• [Input records]:
_____
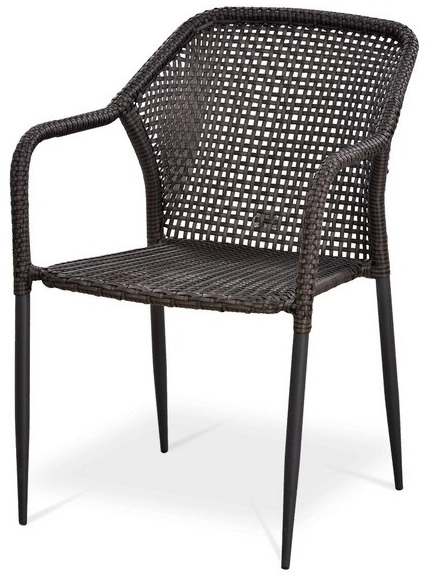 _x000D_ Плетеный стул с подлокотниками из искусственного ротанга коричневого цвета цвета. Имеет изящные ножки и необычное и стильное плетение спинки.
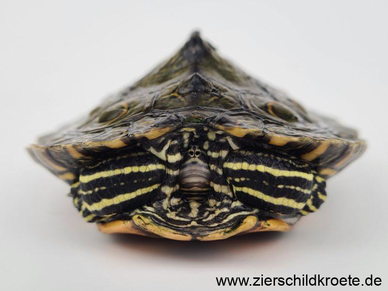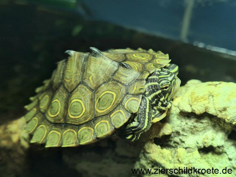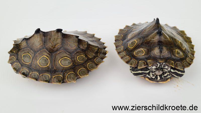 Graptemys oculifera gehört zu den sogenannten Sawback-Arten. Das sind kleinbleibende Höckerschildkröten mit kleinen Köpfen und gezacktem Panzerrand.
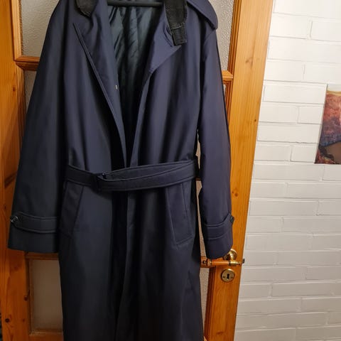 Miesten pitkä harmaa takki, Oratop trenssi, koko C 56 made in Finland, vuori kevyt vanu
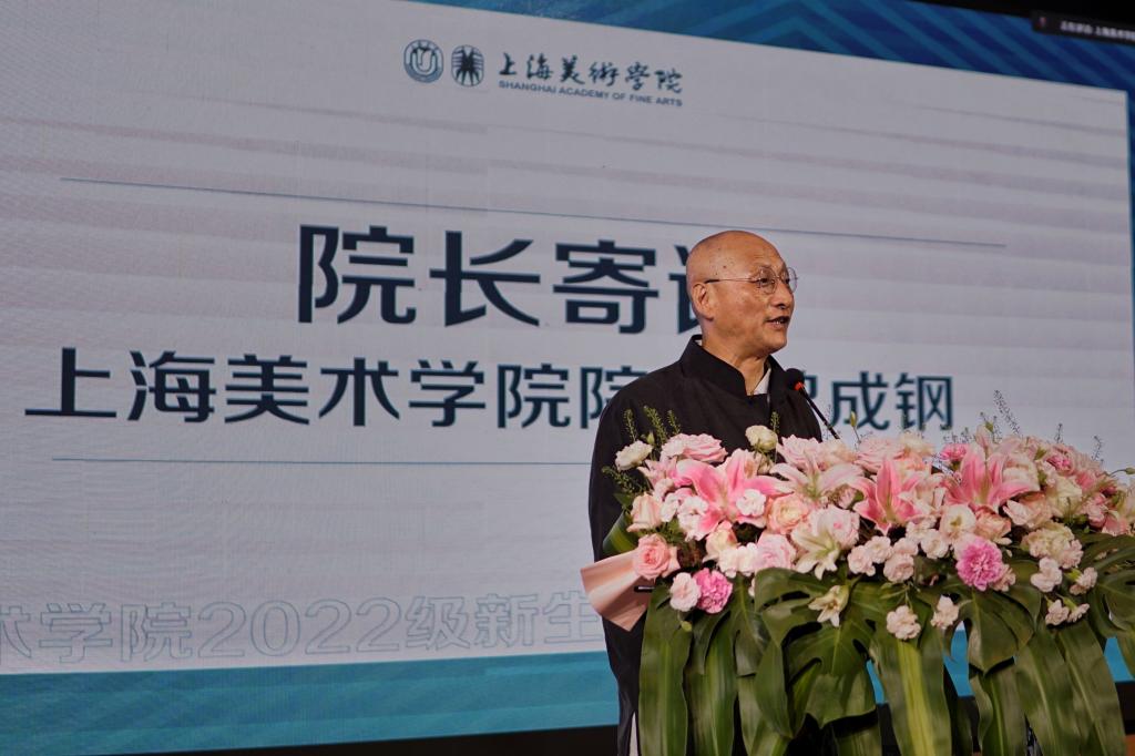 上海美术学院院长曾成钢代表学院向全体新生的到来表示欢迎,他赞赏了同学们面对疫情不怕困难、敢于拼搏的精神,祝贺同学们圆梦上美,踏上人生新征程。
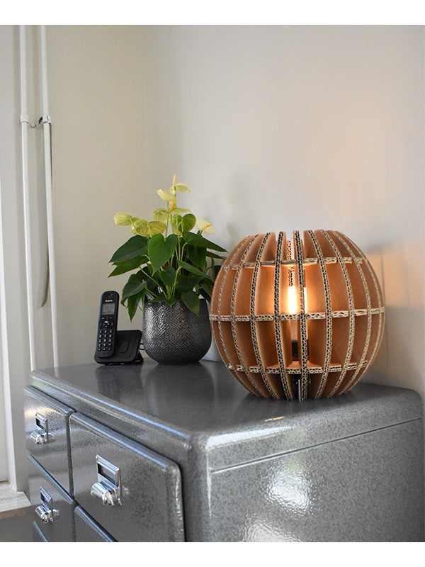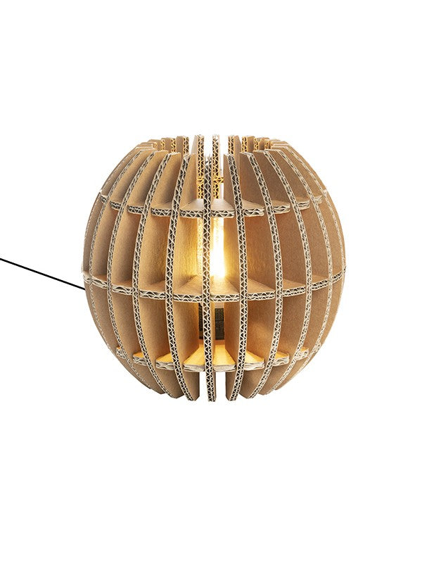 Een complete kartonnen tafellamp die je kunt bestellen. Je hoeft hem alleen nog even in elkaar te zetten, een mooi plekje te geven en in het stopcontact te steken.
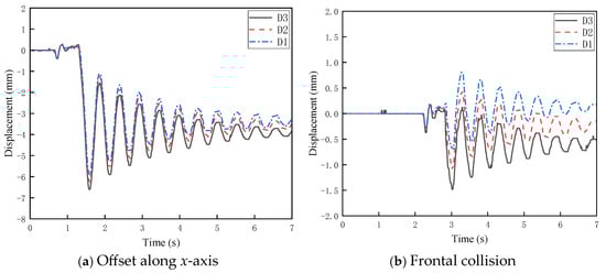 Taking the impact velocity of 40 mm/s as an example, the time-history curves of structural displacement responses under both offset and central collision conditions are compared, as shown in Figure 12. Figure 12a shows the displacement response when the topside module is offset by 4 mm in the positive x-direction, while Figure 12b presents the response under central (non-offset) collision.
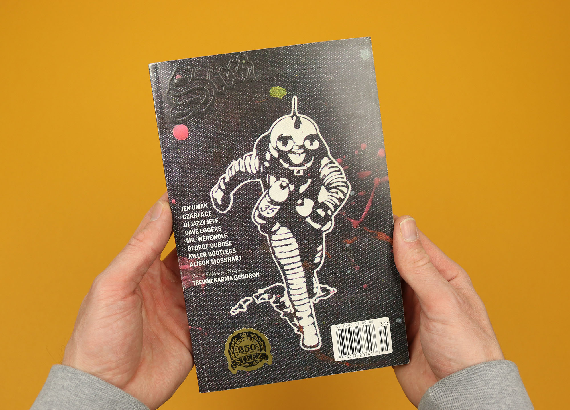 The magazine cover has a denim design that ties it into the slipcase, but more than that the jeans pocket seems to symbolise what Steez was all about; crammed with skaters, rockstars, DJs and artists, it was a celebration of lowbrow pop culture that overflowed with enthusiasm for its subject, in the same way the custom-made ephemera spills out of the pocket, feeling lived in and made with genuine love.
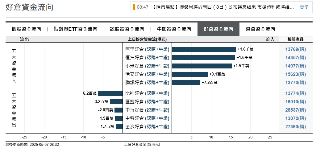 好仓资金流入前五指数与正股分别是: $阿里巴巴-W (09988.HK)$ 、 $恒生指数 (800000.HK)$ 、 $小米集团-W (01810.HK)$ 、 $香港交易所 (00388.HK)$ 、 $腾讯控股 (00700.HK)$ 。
_____
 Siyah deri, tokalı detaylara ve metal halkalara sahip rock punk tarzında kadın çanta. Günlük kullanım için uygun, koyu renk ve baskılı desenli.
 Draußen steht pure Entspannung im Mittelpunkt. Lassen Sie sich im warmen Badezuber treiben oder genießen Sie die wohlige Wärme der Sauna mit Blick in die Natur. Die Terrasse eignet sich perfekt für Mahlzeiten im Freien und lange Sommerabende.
_____
• [Directions]: Reproduce word for word, with pictures dropped, only the part of the material above that opens with the line containing "Graptemys oculifera gehört" and closes with the line containing "好仓资金流入前五指数与正股分别是: $阿里巴巴-W (09988.HK)$".

• [Answer for the task]:
 Graptemys oculifera gehört zu den sogenannten Sawback-Arten. Das sind kleinbleibende Höckerschildkröten mit kleinen Köpfen und gezacktem Panzerrand.
 Miesten pitkä harmaa takki, Oratop trenssi, koko C 56 made in Finland, vuori kevyt vanu
 上海美术学院院长曾成钢代表学院向全体新生的到来表示欢迎,他赞赏了同学们面对疫情不怕困难、敢于拼搏的精神,祝贺同学们圆梦上美,踏上人生新征程。
 Een complete kartonnen tafellamp die je kunt bestellen. Je hoeft hem alleen nog even in elkaar te zetten, een mooi plekje te geven en in het stopcontact te steken.
 Taking the impact velocity of 40 mm/s as an example, the time-history curves of structural displacement responses under both offset and central collision conditions are compared, as shown in Figure 12. Figure 12a shows the displacement response when the topside module is offset by 4 mm in the positive x-direction, while Figure 12b presents the response under central (non-offset) collision.
 The magazine cover has a denim design that ties it into the slipcase, but more than that the jeans pocket seems to symbolise what Steez was all about; crammed with skaters, rockstars, DJs and artists, it was a celebration of lowbrow pop culture that overflowed with enthusiasm for its subject, in the same way the custom-made ephemera spills out of the pocket, feeling lived in and made with genuine love.
 好仓资金流入前五指数与正股分别是: $阿里巴巴-W (09988.HK)$ 、 $恒生指数 (800000.HK)$ 、 $小米集团-W (01810.HK)$ 、 $香港交易所 (00388.HK)$ 、 $腾讯控股 (00700.HK)$ 。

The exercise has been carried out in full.